(Extracted records Opens)

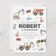 Zona de Construção! Celebre o aniversário do seu trabalhador da construção com este caminhão de lixo e o convite de escavação em cores de som. Personalize facilmente este convite com os detalhes do evento clicando no botão "Personalizar".
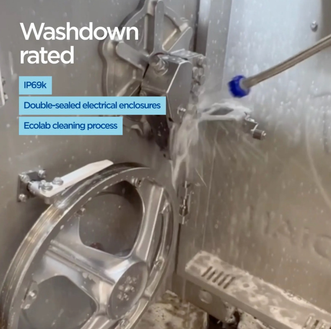 清潔機器只需打開門即可,所有電子元件皆採用 Moisture Guard™ 防護,能承受高壓熱水沖洗。無須拆卸複雜零件,操作簡單又安全。
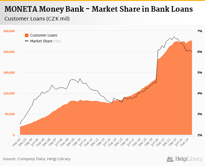 MONETA Money Bank accounted for 5.98% of all customer loans issued in Czechia at the end of 2024-09-30. Historically, the bank’s market share in customer loans reached an all time high of 6.72% in 2022-06-30 and an all time low of 2.50% in 2003-03-31.
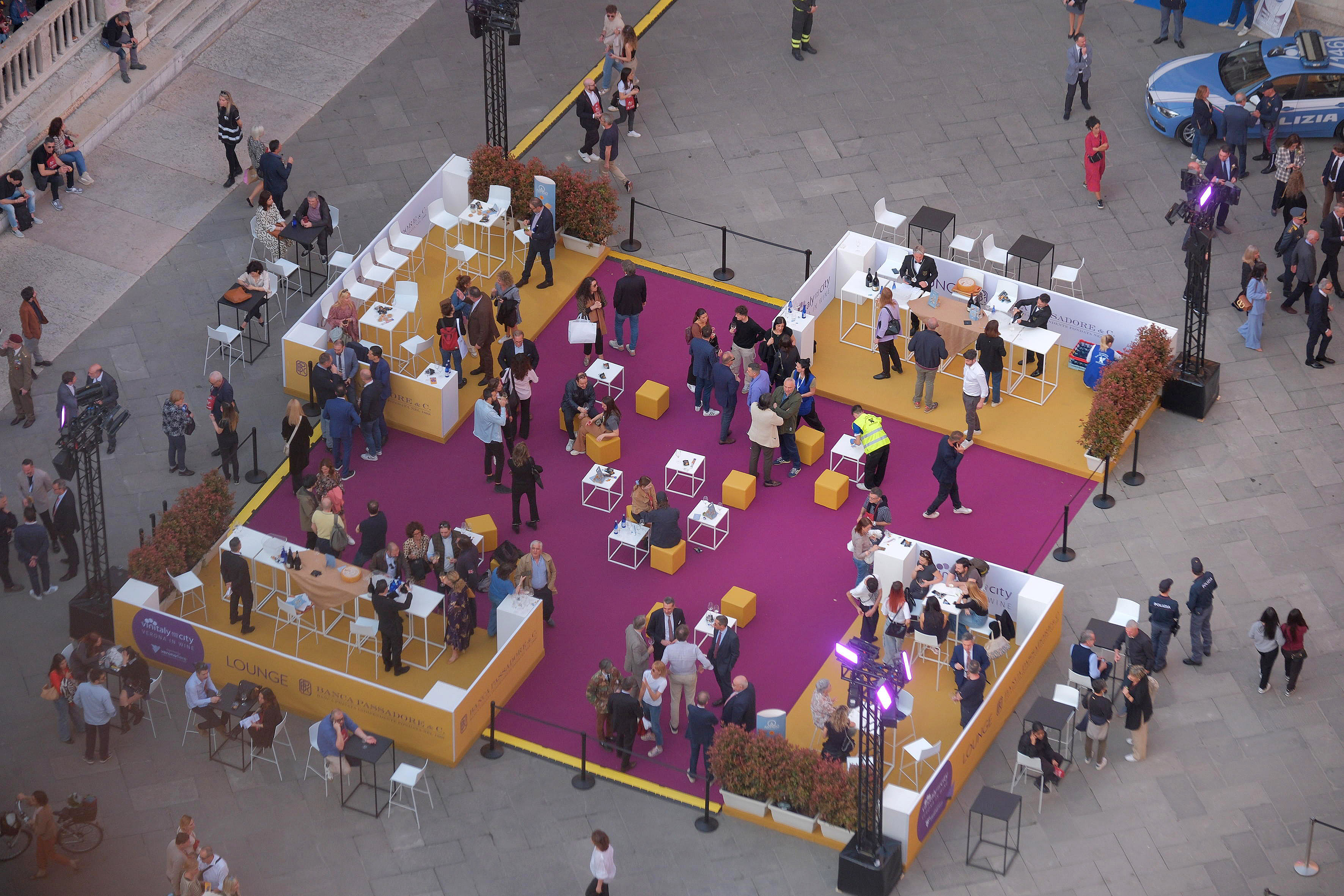 Completa il tour – non solo enogastronomico ma anche culturale – la Lounge Affreschi, che ospiterà l’Assessorato dei Beni Culturali e Identità Siciliane per la promozione di Agrigento Capitale della Cultura 2025 e dei parchi archeologici siciliani. Svetta infine sulla Torre dei Lamberti il Consorzio Tutela Lugana Doc.
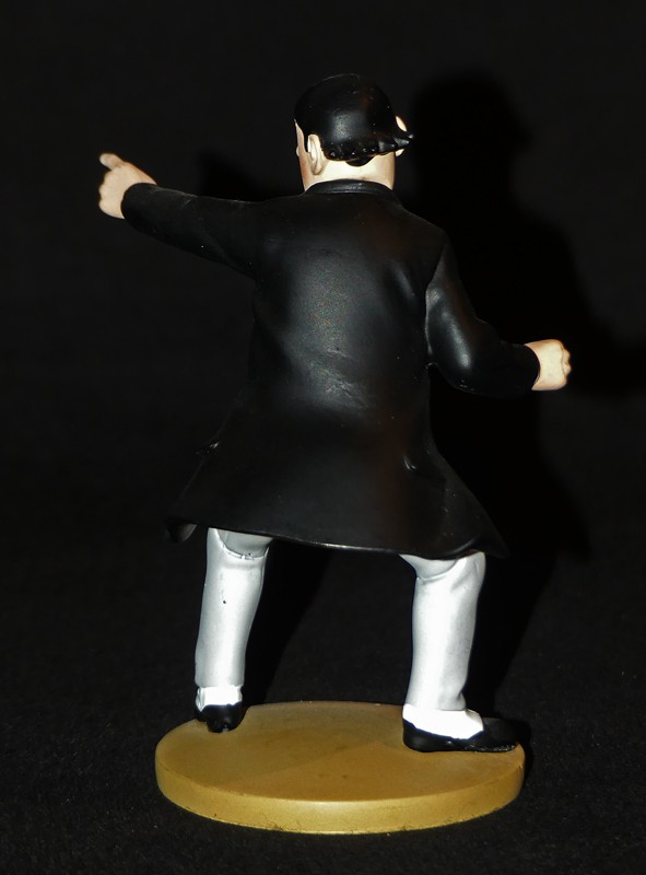 Le Docteur Müller incendiaire' de l'album L'île Noire. Figurine en résine polychrome (hauteur 12 cm, largeur 6 cm, diamètre du socle 6 cm), bien complète du passeport numéroté et du livret...
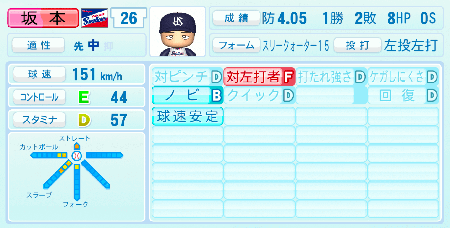 パワプロ2022における坂本光士郎(球団選手)の投手や野手能力、金特などの特殊能力を掲載。転生OBの年代や都道府県、入手方法についても解説しているので、パワプロ2022を攻略する際の参考にどうぞ。
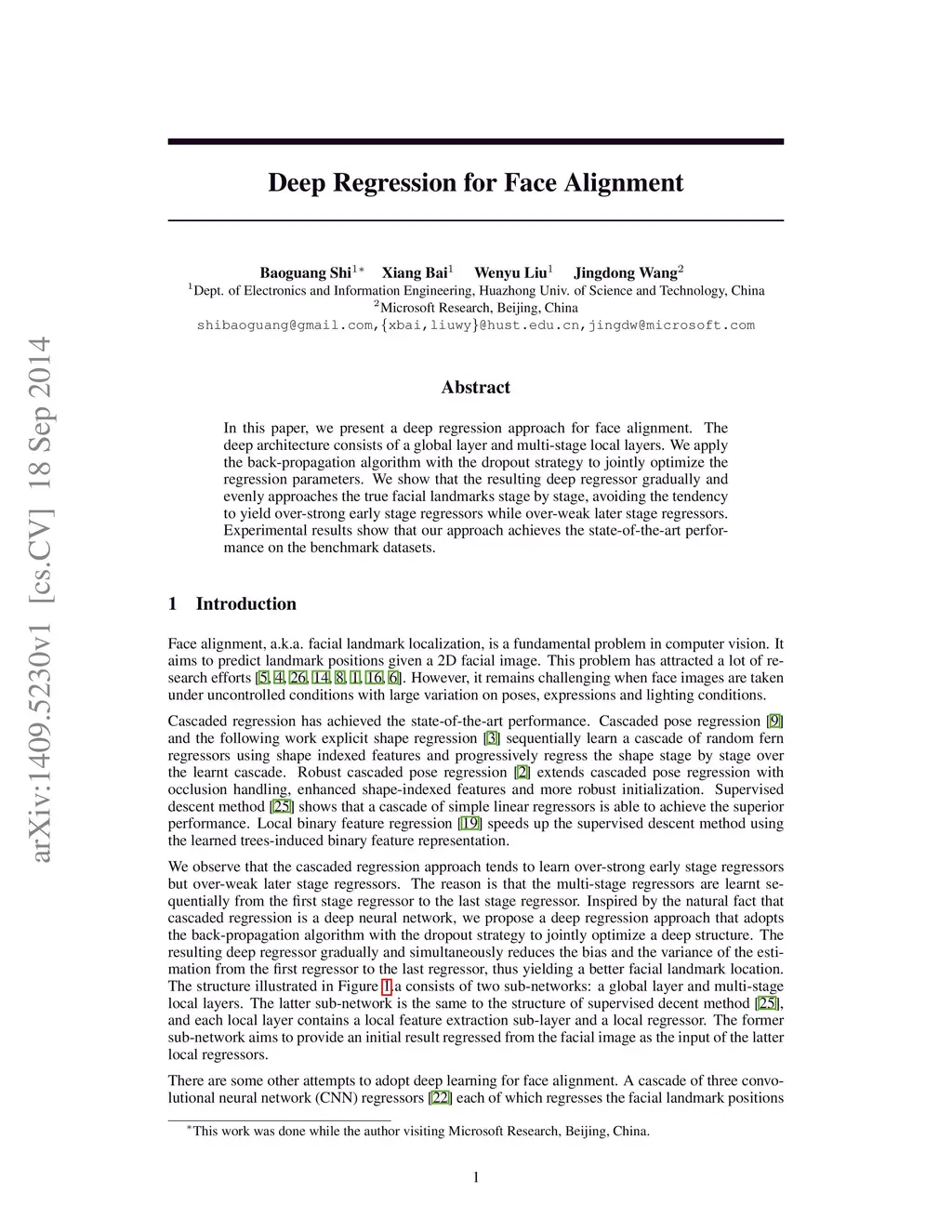 In this paper, we present a deep regression approach for face alignment. The deep architecture consists of a global layer and multi-stage local layers. We apply the back-propagation algorithm with the dropout strategy to jointly optimize the regression parameters. We show that the resulting deep regressor gradually and evenly approaches the true facial landmarks stage by stage, avoiding the tendency to yield over-strong early stage regressors while over-weak later stage regressors. Experimental results show that our approach achieves the state-of-the-art
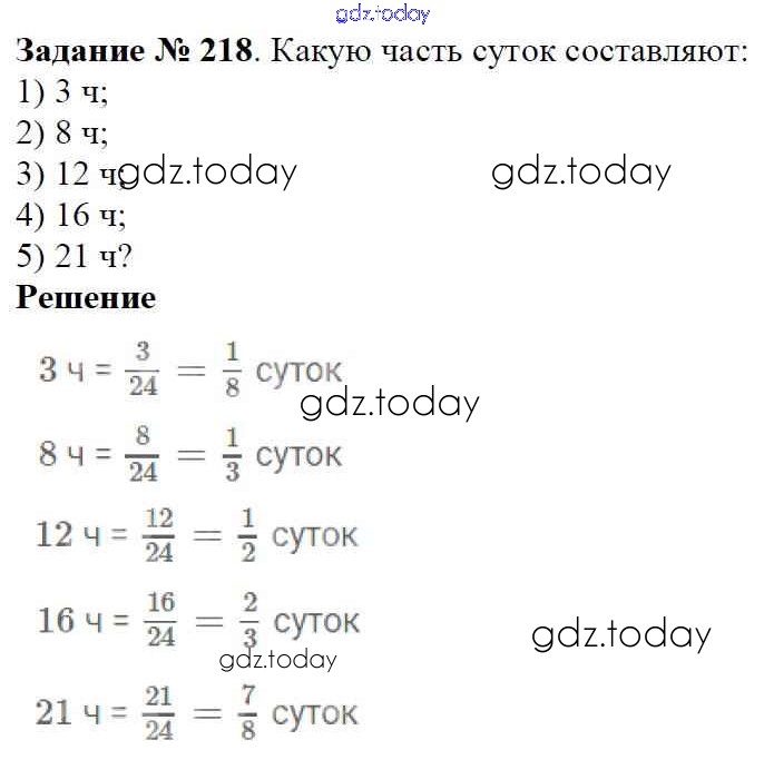 На страницах сайта gdz.today вы найдете учебный и вспомогательный материал, направленный на улучшения знаний школьной программы. ГДЗ - онлайн мир знаний Решение к главе 2. Обыкновенные дроби (упражнения) 218 Учебнику по Математике для 6 класса Мерзляк, Полонский Вентана-граф Алгоритм успеха 2016
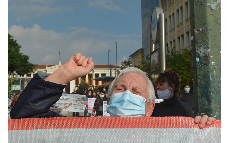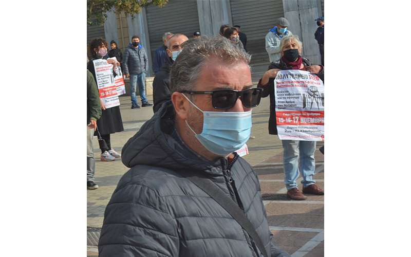 Μπροστά, σε απόσταση αναπνοής από τα ΜΑΤ, το πανό έγραφε “Ο δρόμος του Νοέμβρη επαναστατικός”. Το κράταγαν αγωνιστές/τριες κατά της δικτατορίας όπως ο ιστορικός εκφωνητής της κατάληψης του '73, Δημήτρης Παπαχρήστος, ο δημοσιογράφος Γιώργος Φιλιππάκης, η συντρόφισσα Μαρία Στύλλου, στέλεχος της επαναστατικής αριστεράς από τα χρόνια της Χούντας και ηγετικό μέλος του ΣΕΚ, ο Χρήστος Τζουρντός, μέλος του ΣΦΕΑ '67-'74. Μαζί τους υγειονομικοί από μια σειρά νοσοκομεία της Αθήνας που είχαν κατέβει στη διαδήλωση με τις άσπρες στολές τους, δικηγόροι μέλη της πολιτικής αγωγής στη δίκη της Χ.Α, συνδικαλιστές, δημοτικοί σύμβουλοι, εργαζόμενοι από μια σειρά χώρους, φοιτητές/τριες κ.α. Η απαγόρευση είχε σπάσει, γεγονός που φάνηκε και στον ενθουσιασμό με τον οποίο βάδισαν όλοι αυτοί σε μια οργισμένη πορεία προς την Ομόνοια, όταν η αστυνομία εξαπέλυσε την επίθεσή της. Δείτε δίπλα όσα μας δήλωσαν αγωνιστές/τριες την ώρα της συγκέντρωσης.
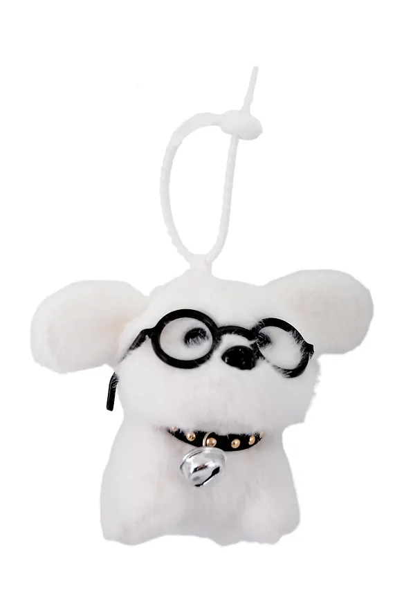 Брелок Собачка белая в очках (текстиль) (13см) (12-Ziheng-202508-XP8)
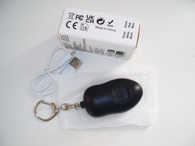 Dettagli del prodottoDispositivo di allarme compatto con portachiavi e cavo di ricarica USB.
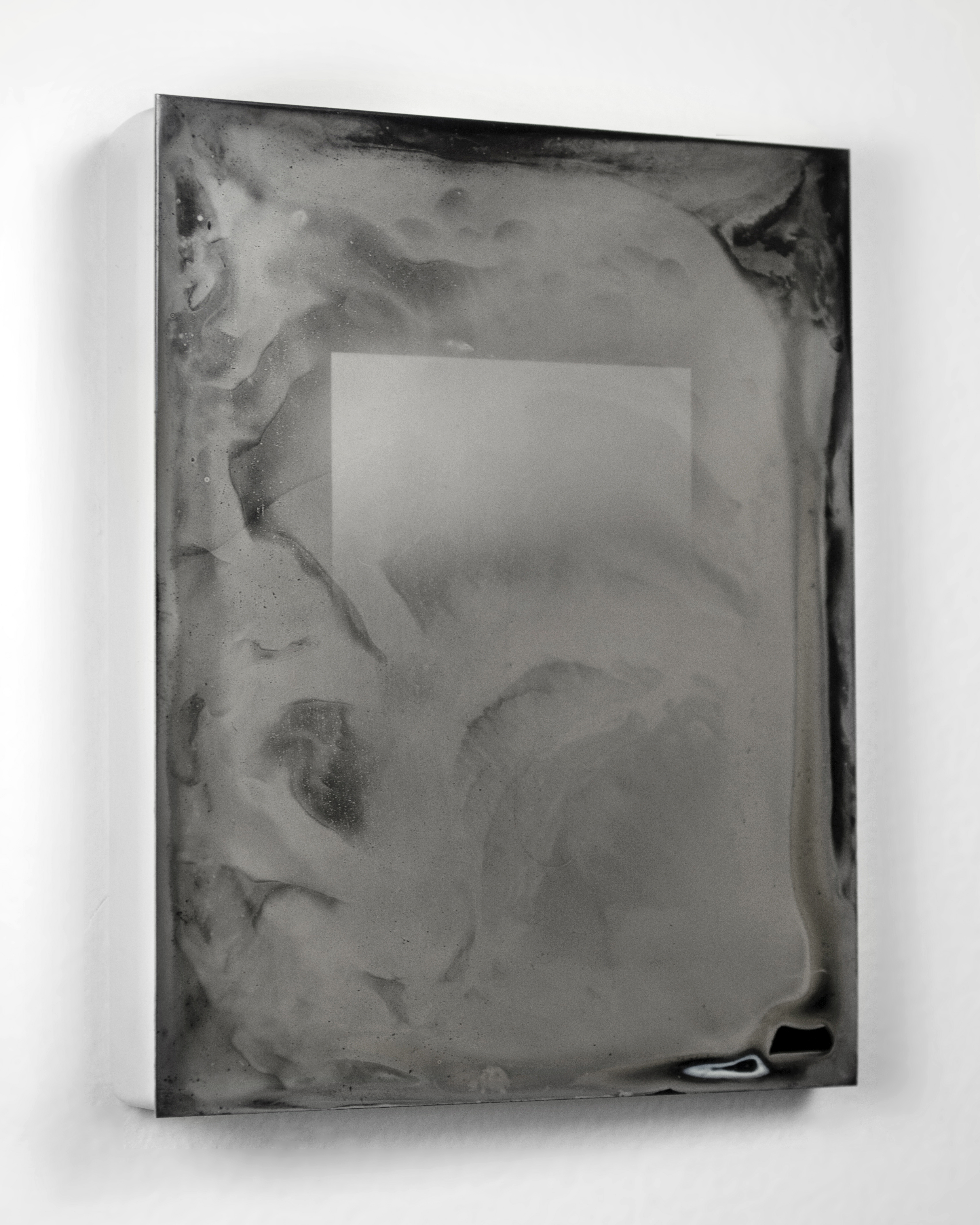 Tintypes are created as direct positives on thin metal sheets coated with enamel and then collodion. This studio technique enjoyed its widest use in the 1860s and 70s, when it was applied to produce small-scale photographic portraits for people to carry in their pockets, but also to document the American Civil War. Between nostalgia and novelty, the resuscitation of this procedure could be said to forfeit approaches of abstraction in photography, reverting instead to aesthetics of classical representation. In her Tintype series, Combining analog with digital photography, Nelson generates abstract shapes on dark backgrounds that appear to have oozed out of a science fiction narrative. Her plates are exceptionally large and exceed the portable scale of traditional tintypes. The prints are mounted on triangular volumes that lift them out from the wall, distorting the boundaries between picture plane and physical space of the viewer.”
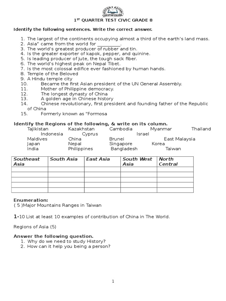 Grade Eight Complete Examination In English Mathematics Science Civic And Culture And Filipino Malaysia Asia Travel
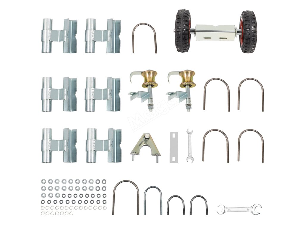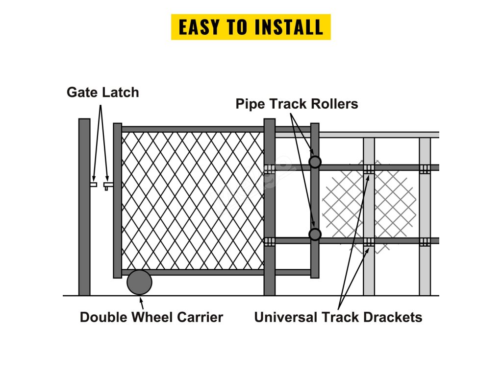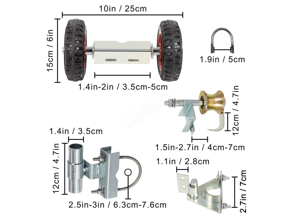 Náš balíček obsahuje veškeré příslušenství, které potřebujete k sestavení jednoduché brány, jako je dvojitý nosič kol, držáky kolejnic atd. S jejich pomocí můžete celou práci bez problémů dokončit.
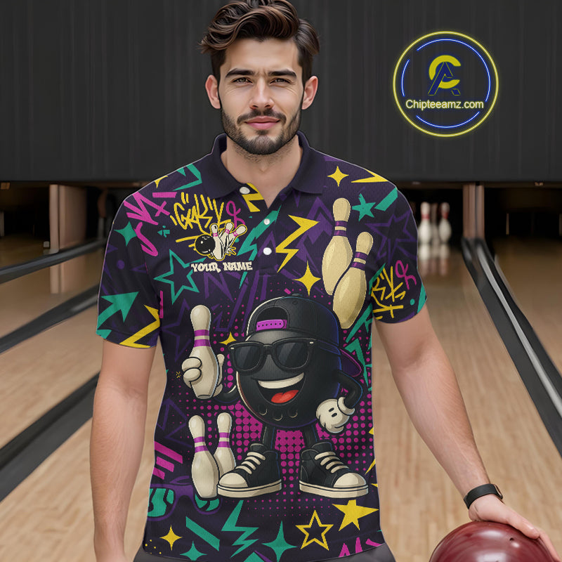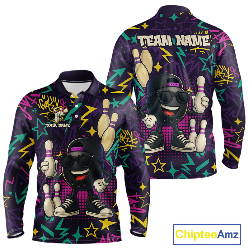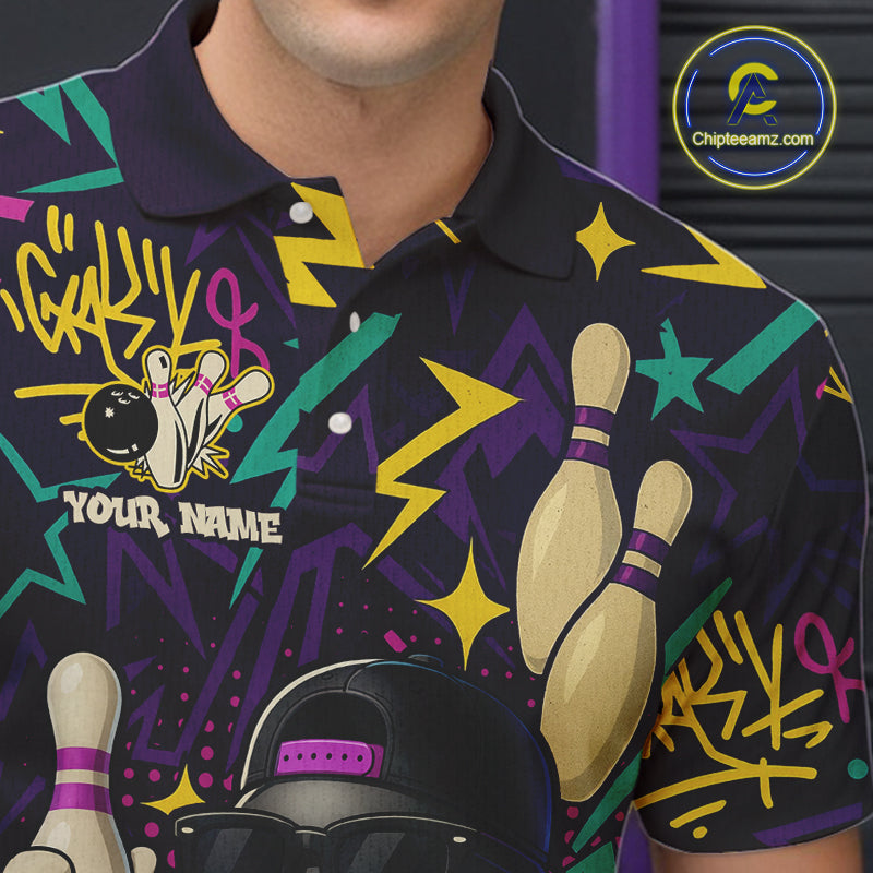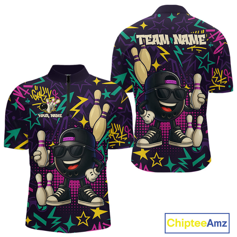 Funny Bowling shirts for Men custom purple graffiti pattern bowling team jerseys, gift for bowlers NQS10271
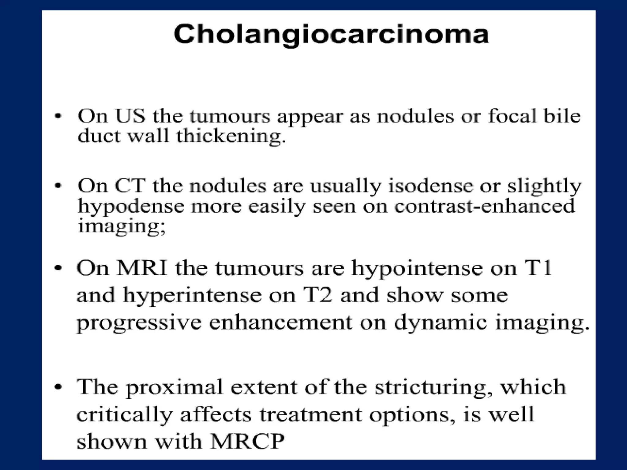 This document discusses imaging techniques for evaluating the biliary system. It covers common bile duct stones and Mirizzi's syndrome, which involves compression of the common bile duct by gallstones. It also mentions biliary cystadenoma, a type of cyst forming in the bile ducts or gallbladder.

(Extracted records Closes)

== Exercise details ==
The required output is the exact lines from the opening line of the entries through the line with "Completa il tour", inclusive, without pictures.

== Task response ==
 Zona de Construção! Celebre o aniversário do seu trabalhador da construção com este caminhão de lixo e o convite de escavação em cores de som. Personalize facilmente este convite com os detalhes do evento clicando no botão "Personalizar".
 清潔機器只需打開門即可,所有電子元件皆採用 Moisture Guard™ 防護,能承受高壓熱水沖洗。無須拆卸複雜零件,操作簡單又安全。
 MONETA Money Bank accounted for 5.98% of all customer loans issued in Czechia at the end of 2024-09-30. Historically, the bank’s market share in customer loans reached an all time high of 6.72% in 2022-06-30 and an all time low of 2.50% in 2003-03-31.
 Completa il tour – non solo enogastronomico ma anche culturale – la Lounge Affreschi, che ospiterà l’Assessorato dei Beni Culturali e Identità Siciliane per la promozione di Agrigento Capitale della Cultura 2025 e dei parchi archeologici siciliani. Svetta infine sulla Torre dei Lamberti il Consorzio Tutela Lugana Doc.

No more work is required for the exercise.